US dollar approaches 7-month high, trade tensions limit gains

The dollar edged up towards a seven-month high against a basket of its peers on Monday after the market digested a flurry of news, although U.S.-China trade tensions slowed its gains.

[TOKYO] The dollar edged up towards a seven-month high against a basket of its peers on Monday after the market digested a flurry of news, although U.S.-China trade tensions slowed its gains.

The dollar index versus a basket of six major currencies crept up 0.1 per cent to 94.882.

The index was in reach of 95.131, a seven-month peak scaled on Friday when it soared more than 1 per cent last week after the US Federal Reserve gave a hawkish signal on interest rates while the European Central Bank struck a dovish tone.

In addition to policy meetings at the Fed, the ECB and the Bank of Japan, the currency markets last week faced a US-North Korea summit and renewed trade tensions between the United States and China.

The greenback navigated through those events, last of which was a decision by the United States on Friday to enact tariffs on US$50 billion in Chinese goods and Beijing's vow to respond in kind.

"The reaction by currencies to the trade developments has been mostly limited as the US measure and China's response were in line with expectations," said Yukio Ishizuki, senior currency strategist at Daiwa Securities in Tokyo.

"A further escalation of US-China trade tensions is of course a risk scenario.
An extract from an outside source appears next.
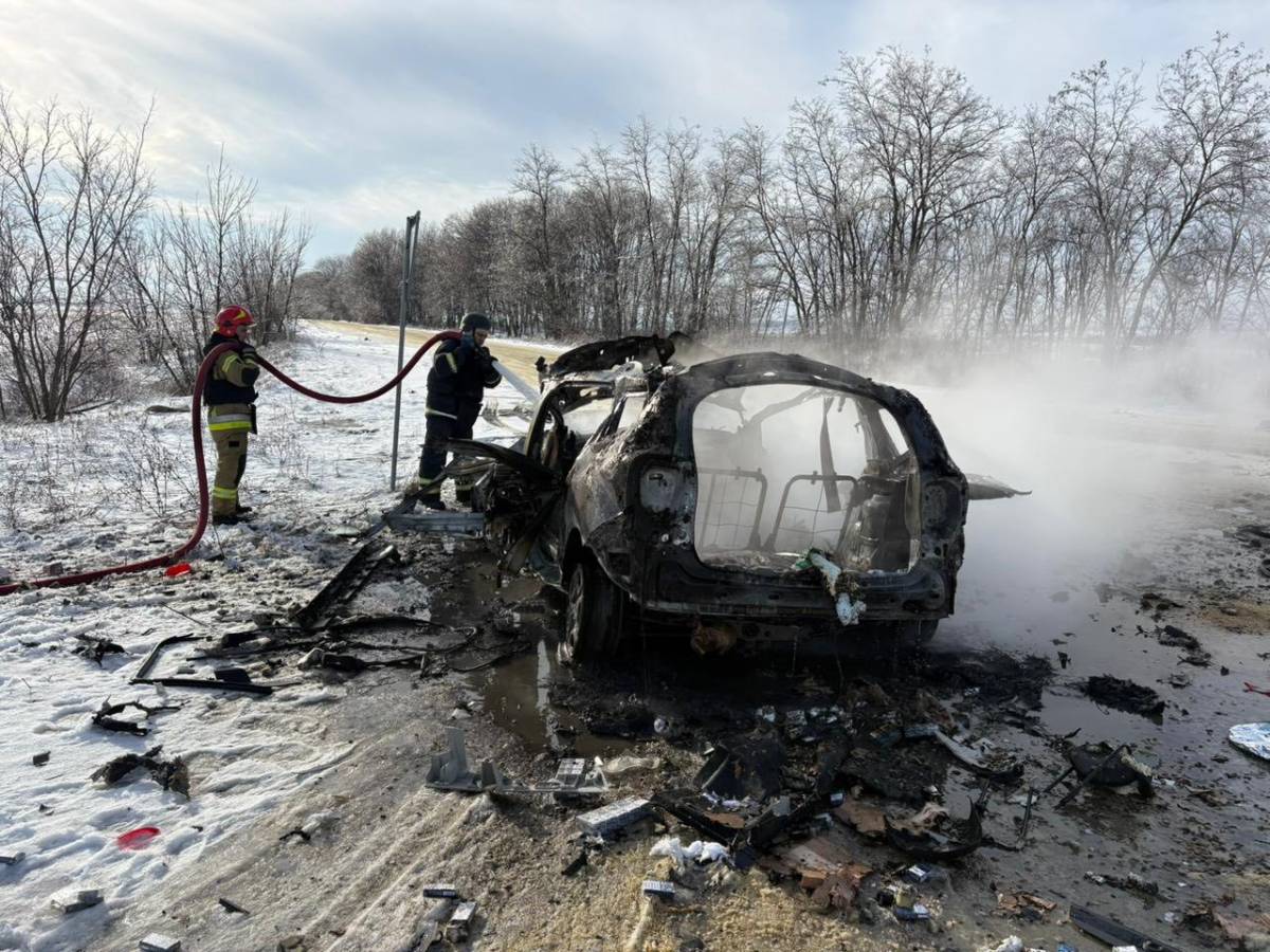 Унаслідок влучання безпілотника транспортний засіб загорівся. Площа пожежі склала близько 5 квадратних метрів. До ліквідації наслідків були залучені підрозділи ДСНС.

But the current tariffs, even if implemented, will hardly dent the global economy and the market also has to ponder about a scenario in which the two countries try to diffuse tensions."

The US currency managed to limit is losses against the yen, a rough gauge of broader risk appetite because of the yen's perceived status as a safe haven in times of market turmoil and political tension.

The dollar was down 0.1 per cent at 110.500 yen after brushing a three-week high of 110.905 on Friday.

The euro slipped 0.2 per cent to US$1.1585, extending losses after sliding 1.3 per cent the previous week after the ECB signalled it will keep interest rates at record lows well into next year.

The Australian dollar was 0.15 per cent lower at US$0.7426 and the New Zealand dollar lost 0.35 per cent to US$0.6922.